El senador Valdemar Darkblade, que había permanecido en respetuoso silencio
hasta el momento, se decidió al fin a tomar parte en la disputa.
–Conozco a tu padre desde mucho antes de que vinieras al mundo, joven Tulio
–declaró en tono solemne–, y si de algo estoy seguro es de que no suele hacer las
cosas sin pensar. Harías bien en tener un poco más de fe en sus palabras, además de
mostrarle el debido respeto.
El senador Valdemar era mucho más alto y corpulento que Francesco Cerón y
sus hijos. Como hermano menor del príncipe Roland, había preferido hacerse valer
labrando su carrera política lejos de su tierra a permanecer bajo el abrigo de su
familia en Anglia. Fue en aquellos lejanos tiempos cuando forjó una gran amistad
con el joven y prometedor senador.
–No te preocupes, viejo amigo –respondió este–. Estoy convencido de que Tulio
cumplirá con su deber, igual que su hermano.

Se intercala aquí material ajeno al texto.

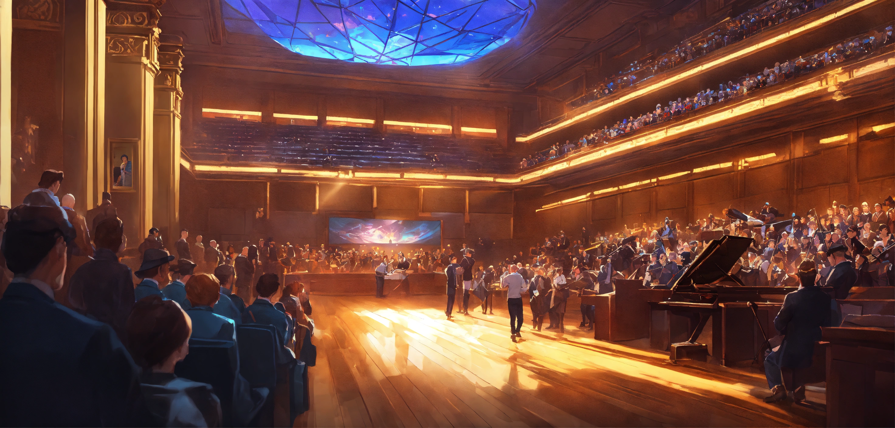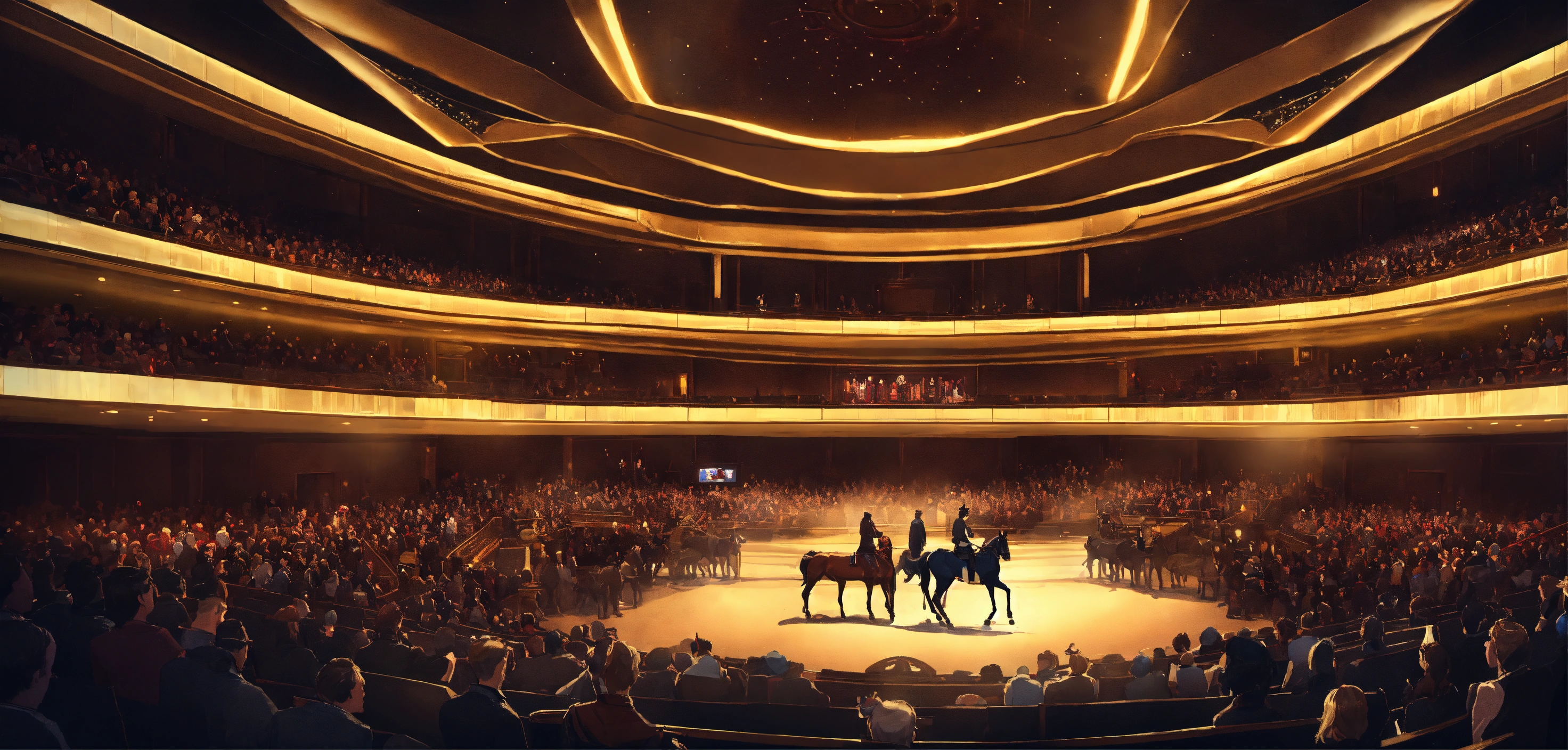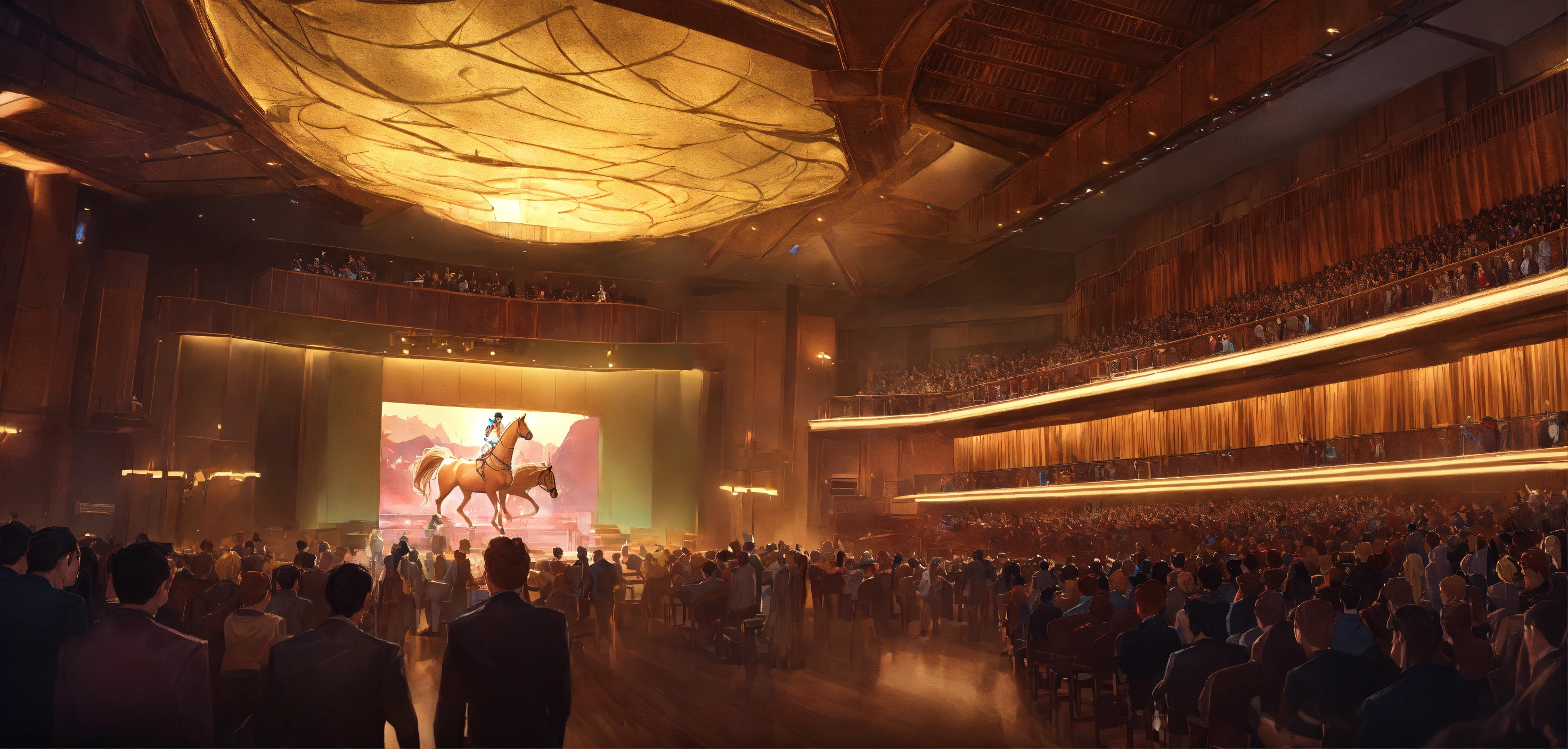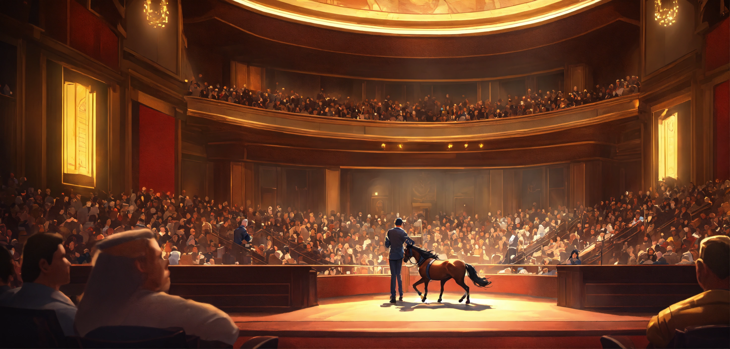 A highly detailed league of legend dynamic illustration of the horse auction in modern concert hall by joshua raphael, by artgerm, by huyy nguyen, by cj xander, by jennifer wuestling, by diep duong van, by huyy nguyen, by grafit studio, volumetric lighting, 3d render, 4k resolution, trending on artstation, masterpiece, close up frame, cinematic shot, sport competition, epic, keeneland sales, inside hall with stands, lot of armchairs with people, one horse in centre only, evening, hall without windows

Mientras tanto, los dos normidones que componían la escolta hacían oídos
sordos a las voces que provenían del interior del carruaje, concentrados en el
objetivo de su misión: llevar a Francesco y al resto de patricios ante el
emperador sanos y salvos. Ainvar, el que conducía el carruaje, era un joven de
origen anglo de larga cabellera rubia, altura media y complexión fuerte que
apenas llevaba un año dentro de la orden. Publio Trevi, veterano oficial
normidón que lo había designado, se esmeraba en otear el horizonte en busca
de la más mínima señal de peligro. A diferencia de Ainvar, Publio era de
origen patricio, séptimo hijo varón de una antigua casa nobiliaria de Majeria
venida a menos. La difícil situación financiera por la que atravesaba su familia
lo impulsó a alistarse en la orden normidona cuando apenas era un
muchacho, y había llegado a convertirse en oficial ahora que se acercaba al
medio siglo de vida. Más robusto que el joven que estaba bajo sus órdenes, tan
solo compartía físicamente con él ese extraño color ambarino del iris, tan
característico en los descendientes de los primeros normidones.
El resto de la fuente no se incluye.